In general I got into Qt wanting a nice GUI toolkit for C++ on Linux. The cross-platform support was a bonus, but not something that I ever actually used. MOC was already an unwanted step away from pure C++ development, and QML would have been another one. At the same time Qt Quick and QML support seemed to suck all the wind out of further Qt development for desktop use.
I still don't hear any concrete feedback regarding QML and Qt Quick - the stack is very suited to desktop apps as well. My FOSS app (1,500,000 downloads) has a Kanban UI written in QML[1] and people seems to like it. I do think the choice of Javascript as the scripting language for QML is not ideal to say the least (although there were some improvements to type safety like using `required` in model-view, etc).
Also, most QML components are just C++ objects exposing QML api. And I think there are some compile flags to convert QML to C++ (even some JS code).
> I still don't hear any concrete feedback regarding QML and Qt Quick
Well, evidentially you chose/prefer that stack over Qt Widgets, presumably for some considered reason (unless it was just Nokia pushing that as the future, per their own mobile interests).
There was definitely a change of focus when Nokia bought Trolltech. For me it was a negative one.
I was always kind of uncomfortable with MOC too, but I couldn't really articulate why. I consider it "wizardry that works but I don't understand" and I never bothered to go in and really understand it. The more I program though, the less I want any kind of "wizardry" in my code, whether or not I understand it.
Does this motivate me to go back into all my C++/Qt projects and try to un-MOC-ify them? No. But if I started a new project, maybe I'd try to do with without MOC and instead do more in handwritten C++ code.
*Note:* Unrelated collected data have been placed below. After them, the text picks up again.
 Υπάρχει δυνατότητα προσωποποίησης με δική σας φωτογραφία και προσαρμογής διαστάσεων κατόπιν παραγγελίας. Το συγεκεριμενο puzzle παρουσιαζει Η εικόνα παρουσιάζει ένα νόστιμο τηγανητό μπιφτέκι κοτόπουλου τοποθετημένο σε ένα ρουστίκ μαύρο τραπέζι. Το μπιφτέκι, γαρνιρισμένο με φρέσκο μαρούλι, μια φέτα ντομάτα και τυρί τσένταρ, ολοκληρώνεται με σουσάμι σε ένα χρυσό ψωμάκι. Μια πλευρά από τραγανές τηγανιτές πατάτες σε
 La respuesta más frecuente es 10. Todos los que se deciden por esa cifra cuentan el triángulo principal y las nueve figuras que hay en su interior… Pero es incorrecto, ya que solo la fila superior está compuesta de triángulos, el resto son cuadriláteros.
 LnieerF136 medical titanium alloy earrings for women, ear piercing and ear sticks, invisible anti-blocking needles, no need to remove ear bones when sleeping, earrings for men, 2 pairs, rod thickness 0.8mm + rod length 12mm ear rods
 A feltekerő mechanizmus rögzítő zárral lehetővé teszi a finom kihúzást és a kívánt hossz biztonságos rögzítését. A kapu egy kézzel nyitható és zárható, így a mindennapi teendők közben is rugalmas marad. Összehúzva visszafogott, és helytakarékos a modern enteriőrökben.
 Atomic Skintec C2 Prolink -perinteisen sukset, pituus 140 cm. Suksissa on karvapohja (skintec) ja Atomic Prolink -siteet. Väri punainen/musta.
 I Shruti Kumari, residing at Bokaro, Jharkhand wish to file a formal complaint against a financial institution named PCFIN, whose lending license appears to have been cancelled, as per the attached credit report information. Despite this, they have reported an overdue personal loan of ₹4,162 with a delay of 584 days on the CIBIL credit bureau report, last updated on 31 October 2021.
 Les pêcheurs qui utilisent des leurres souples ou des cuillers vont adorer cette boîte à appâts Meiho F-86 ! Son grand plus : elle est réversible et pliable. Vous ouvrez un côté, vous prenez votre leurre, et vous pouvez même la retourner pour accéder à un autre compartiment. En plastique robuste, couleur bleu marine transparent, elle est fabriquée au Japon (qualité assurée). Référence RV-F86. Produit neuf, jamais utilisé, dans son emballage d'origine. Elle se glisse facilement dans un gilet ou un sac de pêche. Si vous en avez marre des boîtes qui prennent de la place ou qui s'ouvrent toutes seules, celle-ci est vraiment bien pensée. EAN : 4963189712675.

MOC just seemed to me like an unnecessary hack - an unwanted layer between me and my C++ code that was hard to justify. I suppose it may have served more of a purpose in the early days of Qt (1st release was 1995), but IMO could/should have been phased out when C++11 came along with things like std::function well suited to signals & slots.
Like most forks, it seldom gets used by the large majority that still cares about Qt.
It also never supported the whole Qt tooling ecosystem.
Related issue https://bugreports.qt.io/browse/QTBUG-140912
Comment in the issue referring to the wiki page: "note: it needs updates for stuff merged in Sofia".
Moc is complex. reflection is complex. round one was trying to be as simple as possible while still allowing some real world use and allow room for the future.
Moc?
Meta-Object Compiler, a sort of preprocessor for code that uses Qt: https://doc.qt.io/qt-6/moc.html
"Reflection in C++26 might be insufficient for replacing moc."
C++ is such a dinosaur, that even after all these years the reflection that was lacking and was introduced is still unusable.
A dinosaur without which all the languages that build on top of GCC and LLVM would not exist.